Sa rencontre avec les Bouzonnet n'est-elle qu'hypothétique? Dans le groupe d'ouvrages attribués à Dufresnoy arrivé au musée de la céramique de Sèvres figure une reprise partielle de la Naissance de Bacchus, dans le même sens que le modèle, qui ne peut que la confirmer.

Jacques Stella,
Paysage avec le repos pendant la fuite en Égypte, des petits anges attrapent des lapins, 1646.
Plume et encre brune, lavis gris et rehauts de gouache blanche. 41 x 57 cm.
Coll. part (en 2006)
Charles-Alphonse Dufresnoy,
Paysage avec la naissance de Bacchus.
Toile. 114 x 146,5 cm.
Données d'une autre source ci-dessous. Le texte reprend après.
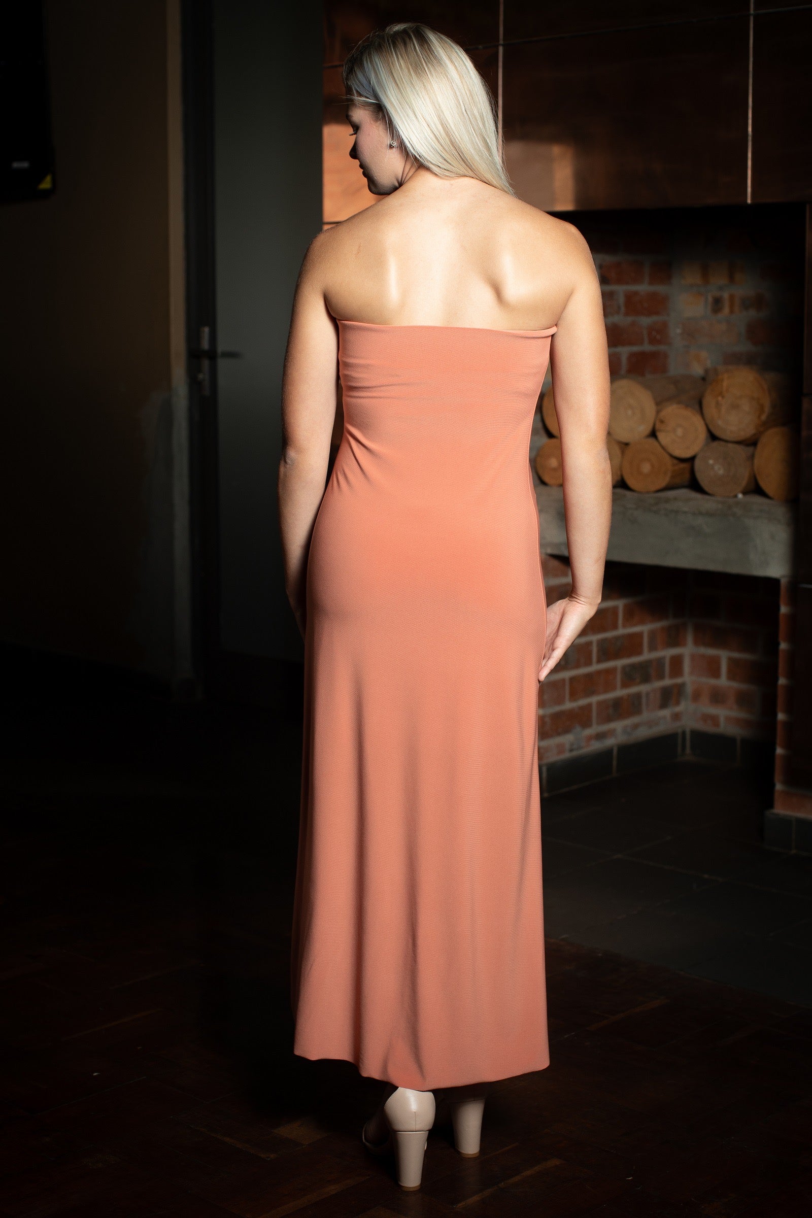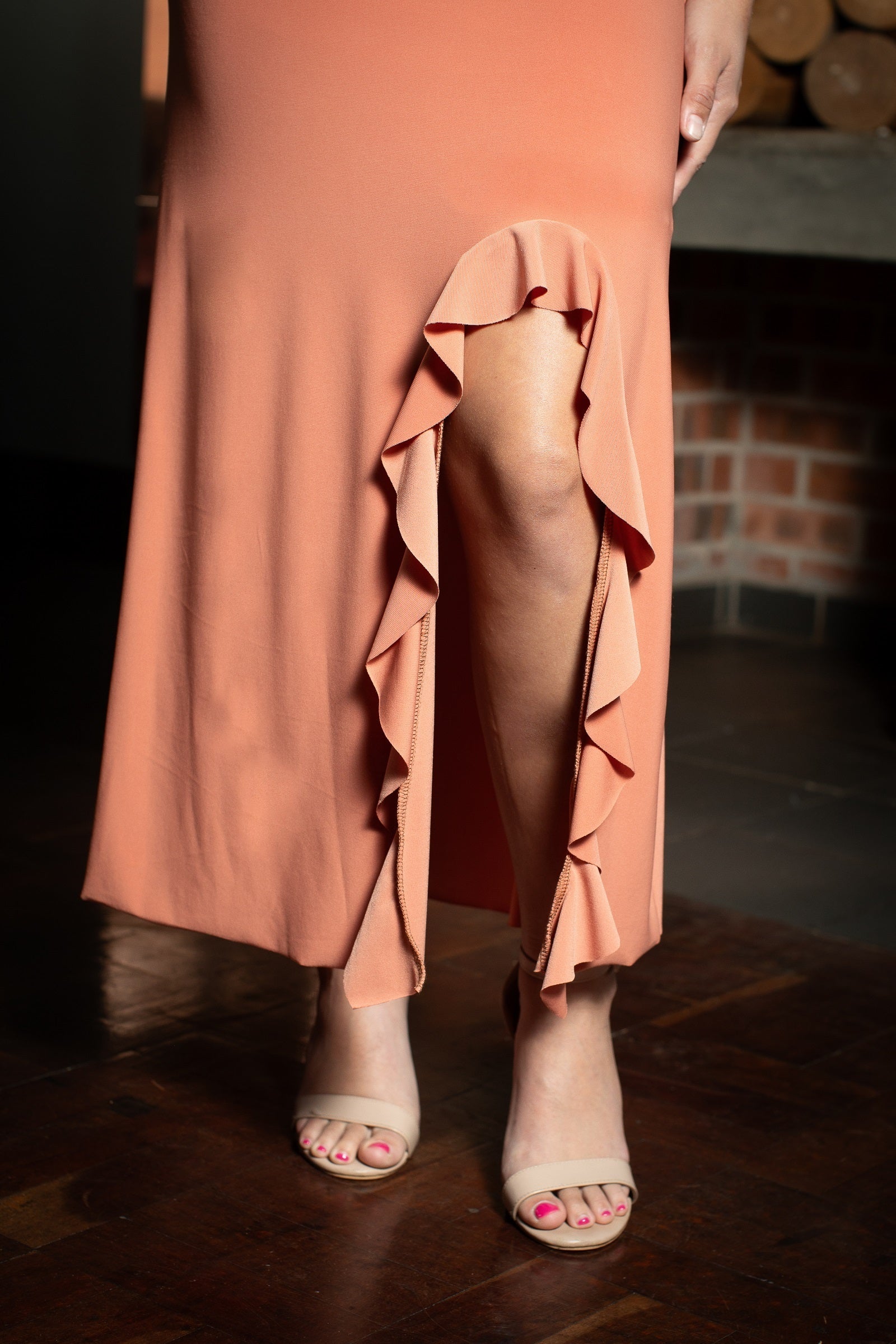 Flirty and Fun! This Holly dress features a bo`ob-tube neckline and fitted shape with a slit in front that has a ruffled hem.

Lille, Musée des Beaux-Arts
Nicolas Poussin,
Paysage avec la naissance de Bacchus et la mort de Narcisse.
Toile. 123 x 179 cm. Harvard Art Museum

Dufresnoy ne copie pas puisqu'il adapte la composition à son canon alors que le décor paysager reste semblable. Fait remarquable, il ne reprend pas la péripétie de la mort de Narcisse, se concentrant sur le seul épisode de l'enfance de Bacchus cachée de la colère de Junon par Mercure. Le geste de ce dernier relie plus nettement la scène principale à Jupiter, père de l'enfant né de ses amours avec Sémélé, visible sur un nuage avec Hébé qui lui sert de l'ambroisie. La communauté de dimensions avec un des exemplaires de la Vénus à la fontaine et d'un Enlèvement d'Europe également passé par Sèvres et aujourd'hui au musée des Beaux-Arts de Lille ajoutée à la même inspiration poussinienne invitent à envisager une commande particulière cherchant, peut-être, à pallier le renoncement du maître à la peinture dans ses ultimes années.
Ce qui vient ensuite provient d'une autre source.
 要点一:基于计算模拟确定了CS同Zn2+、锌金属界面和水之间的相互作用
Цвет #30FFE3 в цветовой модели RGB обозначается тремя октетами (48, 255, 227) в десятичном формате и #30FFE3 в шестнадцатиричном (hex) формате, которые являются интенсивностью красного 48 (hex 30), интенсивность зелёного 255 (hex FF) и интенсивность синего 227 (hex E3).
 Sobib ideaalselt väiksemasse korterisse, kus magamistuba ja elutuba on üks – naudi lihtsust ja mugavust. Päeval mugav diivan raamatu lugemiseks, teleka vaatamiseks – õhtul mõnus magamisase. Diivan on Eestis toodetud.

Dans ce contexte, les Bouzonnet devaient sembler des héritiers privilégiés au travers de l'amitié bien connue avec Stella. Si connue que plusieurs auteurs (Félibien et Loménie de Brienne, assurément) se sont adressés à eux pour lever des copies de leur correspondance. Sans le dessin au verso de la lettre d'Antoine inspirant Charles-Alponse, la situation de ce qui semble bien un petit ensemble cohérent aurait pu naviguer entre 1656, date d'arrivée de Dufresnoy à Paris et 1667, puisqu'il meurt en janvier 1668. La feuille incite à repousser après le retour d'Antoine d'Italie en juillet 1664, au moment où Poussin a abandonné définitivement les pinceaux et avant que Dufresnoy ne soit conduit à se retirer de la scène artistique parisienne.

La Vénus au miroir qu'il peint d'après la feuille du Louvre nous ramène à la Naissance de Bacchus. Poussin y a représenté le dernier soupir d'une beauté qui se mire, celle de Narcisse. Dans son lien même avec l'un des mythes revendiqués pour expliquer la peinture, il nous conduit vers l'une des clés du tableau.

Paysage avec la naissance de Bacchus, en forme d'hommage : le reflet de Narcisse

Pour composer le tableau, Poussin a conçu une préparation conservée aujourd'hui par le même musée qui présente le tableau, le Fogg Art Museum d'Harvard. La mise au carreau suppose une étape avancée mais la feuille propose néanmoins quelques variantes notables. Passons rapidement sur la pose de Pan dans le bosquet en hauteur, ajustement de lecture faisant lien avec Jupiter. La plus évidente est l'apparition du char d'Apollon au-dessus de la grotte abritant les nymphes.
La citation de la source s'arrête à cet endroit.